→ Data in this exercise
================================

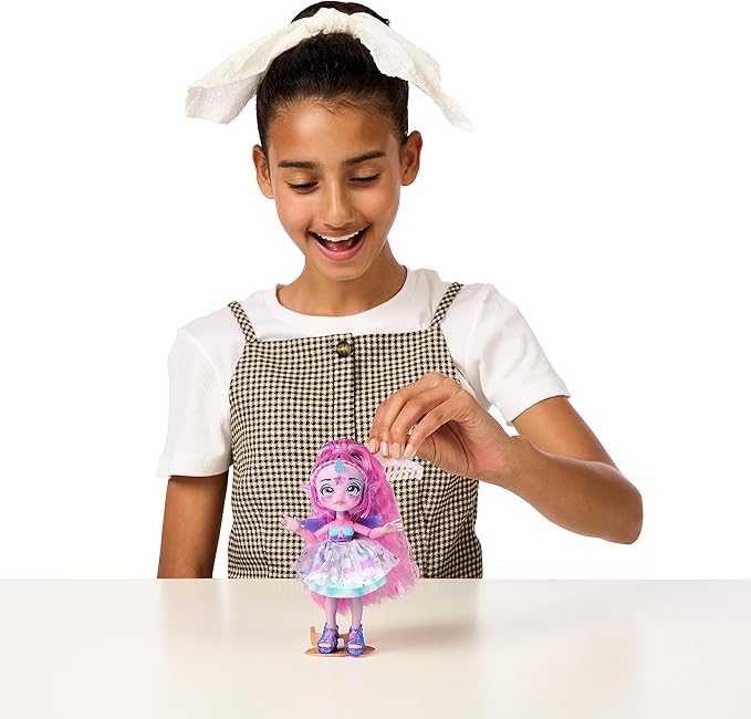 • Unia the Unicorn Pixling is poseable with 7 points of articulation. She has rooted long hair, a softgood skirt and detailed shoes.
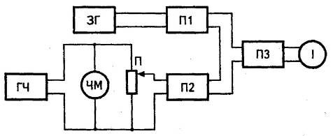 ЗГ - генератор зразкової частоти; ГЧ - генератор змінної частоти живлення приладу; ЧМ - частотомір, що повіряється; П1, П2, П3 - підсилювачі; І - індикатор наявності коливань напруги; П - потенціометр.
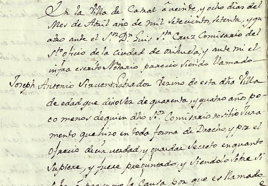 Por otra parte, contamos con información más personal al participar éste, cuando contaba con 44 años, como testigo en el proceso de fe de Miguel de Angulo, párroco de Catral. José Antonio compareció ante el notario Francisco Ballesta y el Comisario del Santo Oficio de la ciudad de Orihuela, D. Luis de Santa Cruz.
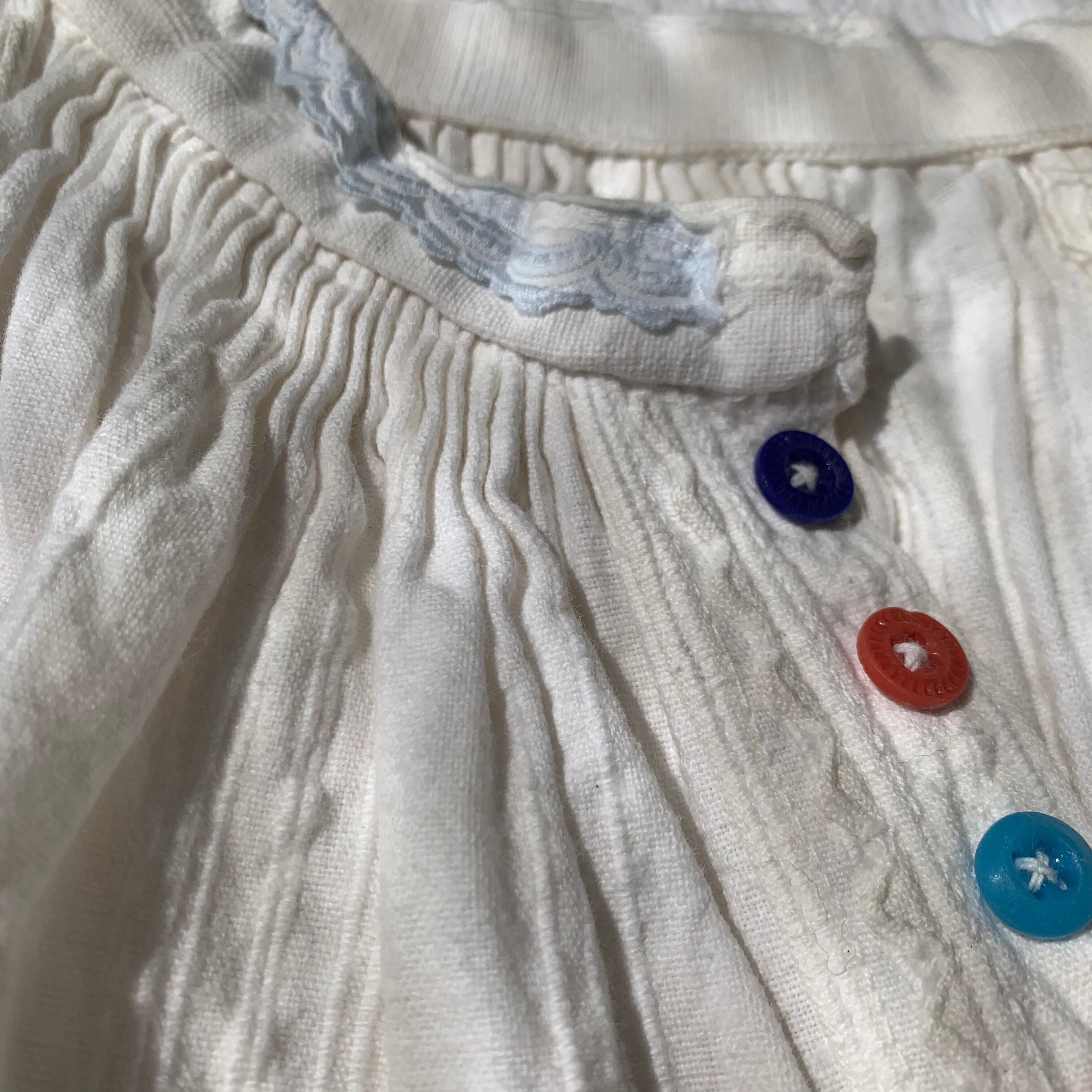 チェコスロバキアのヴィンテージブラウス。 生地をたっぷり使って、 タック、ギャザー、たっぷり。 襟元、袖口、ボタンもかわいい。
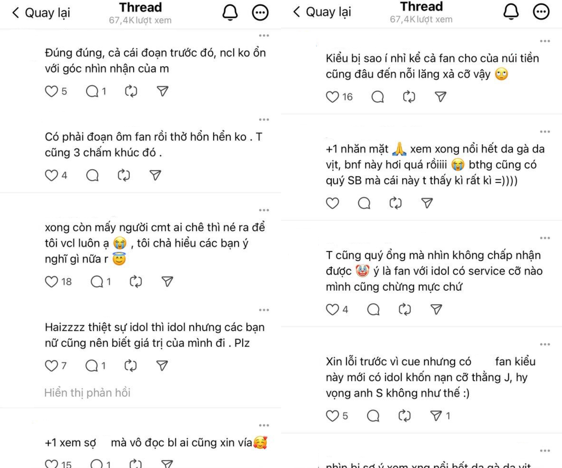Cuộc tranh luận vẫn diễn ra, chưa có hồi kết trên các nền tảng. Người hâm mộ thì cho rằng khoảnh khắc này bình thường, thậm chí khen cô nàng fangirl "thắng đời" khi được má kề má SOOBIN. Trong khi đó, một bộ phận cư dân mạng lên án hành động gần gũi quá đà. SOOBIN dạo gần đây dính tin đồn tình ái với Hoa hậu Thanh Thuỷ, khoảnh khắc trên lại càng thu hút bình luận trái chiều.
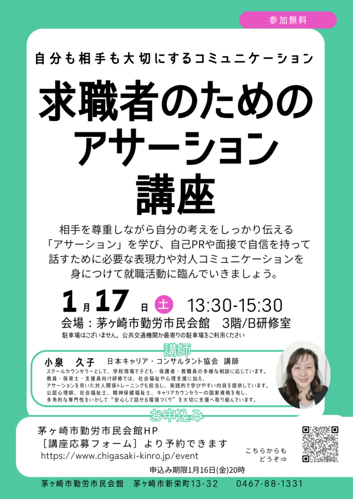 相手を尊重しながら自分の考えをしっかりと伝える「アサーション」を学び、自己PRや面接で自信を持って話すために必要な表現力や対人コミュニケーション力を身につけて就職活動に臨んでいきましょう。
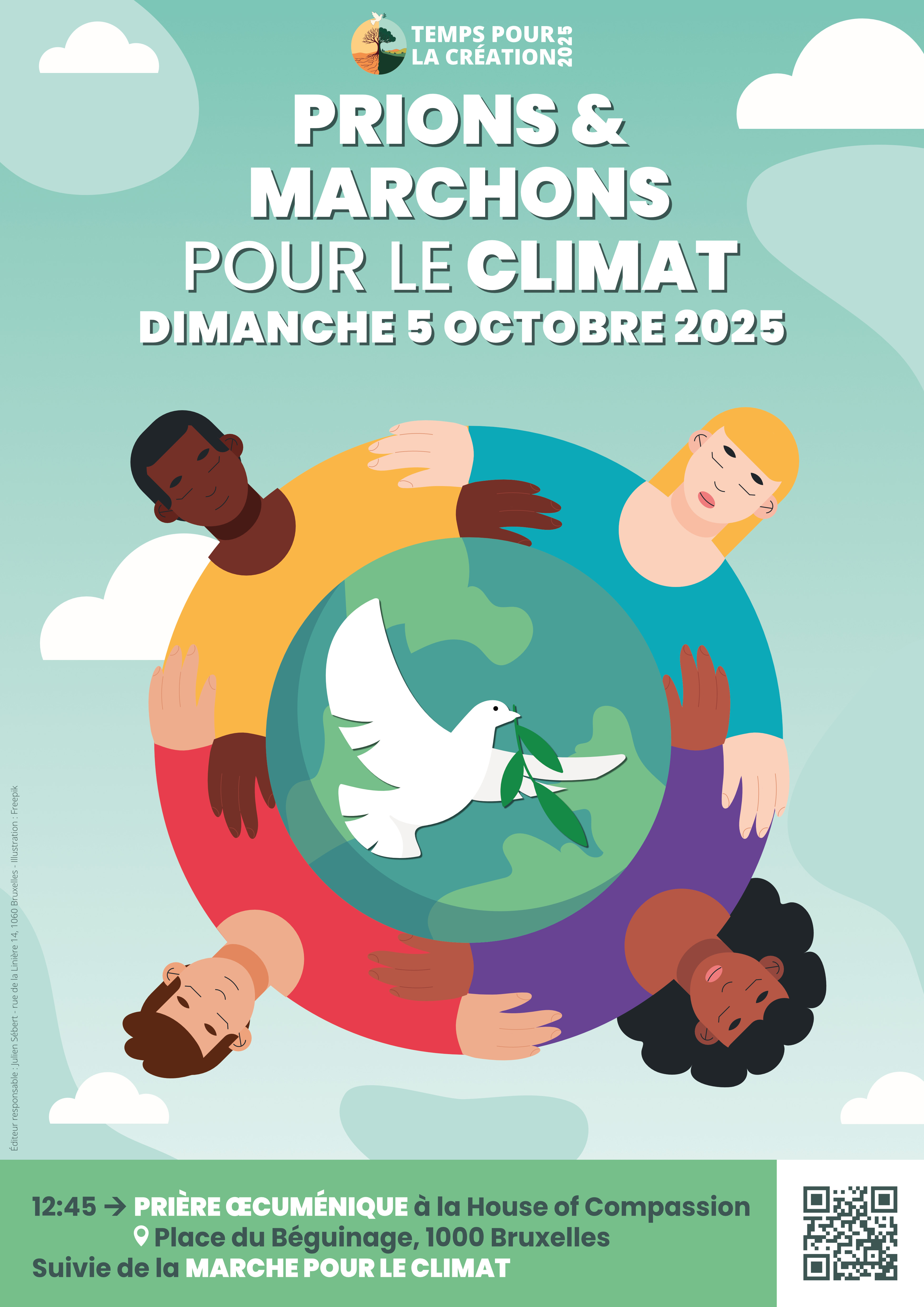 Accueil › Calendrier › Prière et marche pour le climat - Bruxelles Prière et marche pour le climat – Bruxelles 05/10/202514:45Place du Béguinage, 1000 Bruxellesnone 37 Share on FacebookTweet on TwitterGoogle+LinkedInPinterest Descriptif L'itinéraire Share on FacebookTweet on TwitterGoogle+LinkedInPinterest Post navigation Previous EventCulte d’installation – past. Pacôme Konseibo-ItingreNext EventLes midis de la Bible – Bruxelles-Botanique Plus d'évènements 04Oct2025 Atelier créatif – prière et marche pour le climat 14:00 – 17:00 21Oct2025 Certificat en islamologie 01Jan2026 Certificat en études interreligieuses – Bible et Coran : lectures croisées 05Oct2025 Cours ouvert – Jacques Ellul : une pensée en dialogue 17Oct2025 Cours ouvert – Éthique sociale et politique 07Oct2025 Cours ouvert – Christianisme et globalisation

================================

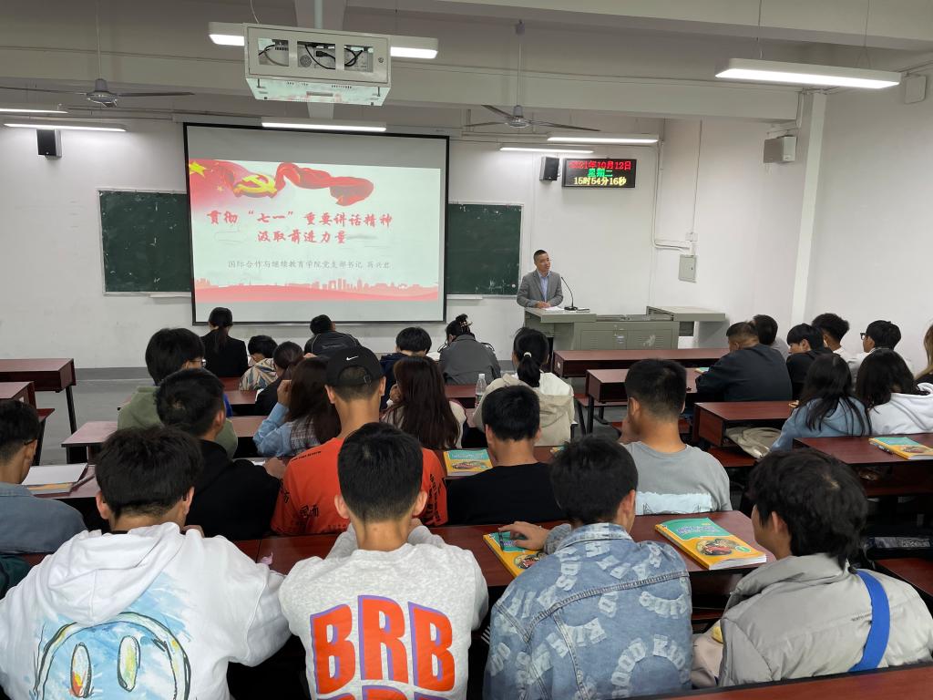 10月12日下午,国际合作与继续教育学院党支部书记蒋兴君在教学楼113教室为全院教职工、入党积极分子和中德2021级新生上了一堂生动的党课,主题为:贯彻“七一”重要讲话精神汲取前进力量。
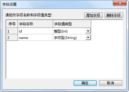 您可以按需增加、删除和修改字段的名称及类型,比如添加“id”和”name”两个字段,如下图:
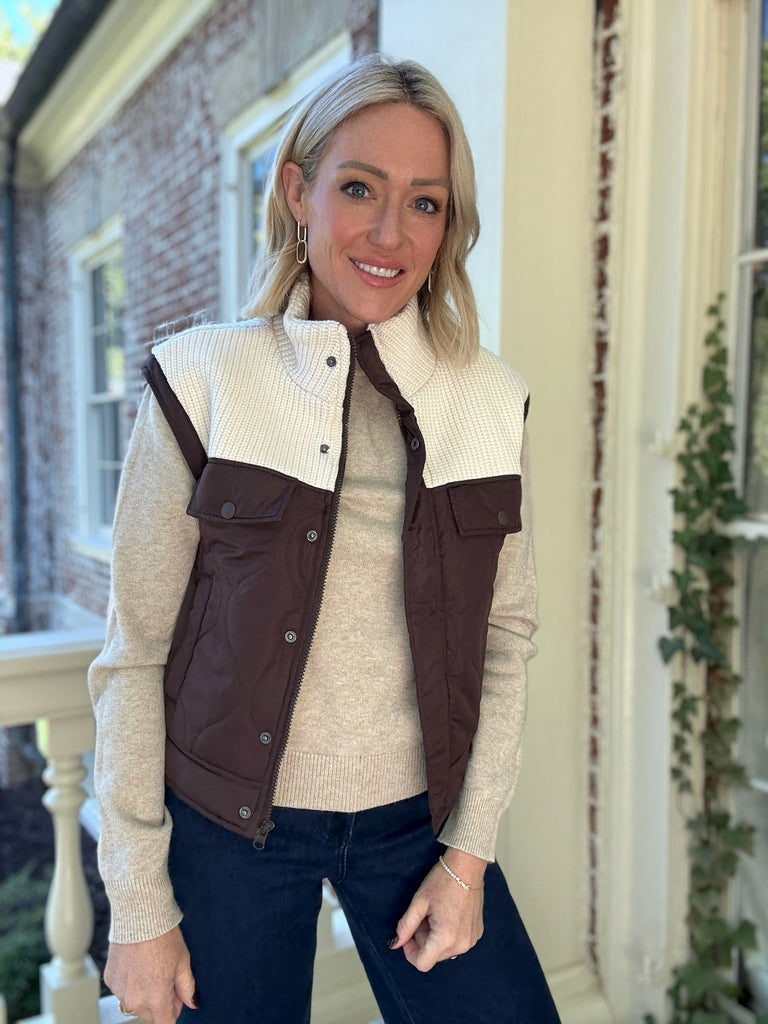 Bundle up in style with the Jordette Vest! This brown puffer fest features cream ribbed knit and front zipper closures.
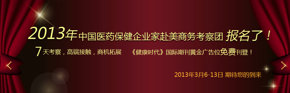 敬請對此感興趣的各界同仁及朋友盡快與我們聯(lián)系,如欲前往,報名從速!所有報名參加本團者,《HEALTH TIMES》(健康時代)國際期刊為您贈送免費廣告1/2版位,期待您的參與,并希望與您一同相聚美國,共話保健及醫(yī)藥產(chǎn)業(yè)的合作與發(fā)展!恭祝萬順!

================================

→ Exercise objective
From the material above, reproduce only what runs from the line holding "您可以按需增加、删除和修改字" down to the line holding "敬請對此感興趣的各界同仁及朋", both included, pictures excluded.

→ Response
 您可以按需增加、删除和修改字段的名称及类型,比如添加“id”和”name”两个字段,如下图:
 Bundle up in style with the Jordette Vest! This brown puffer fest features cream ribbed knit and front zipper closures.
 敬請對此感興趣的各界同仁及朋友盡快與我們聯(lián)系,如欲前往,報名從速!所有報名參加本團者,《HEALTH TIMES》(健康時代)國際期刊為您贈送免費廣告1/2版位,期待您的參與,并希望與您一同相聚美國,共話保健及醫(yī)藥產(chǎn)業(yè)的合作與發(fā)展!恭祝萬順!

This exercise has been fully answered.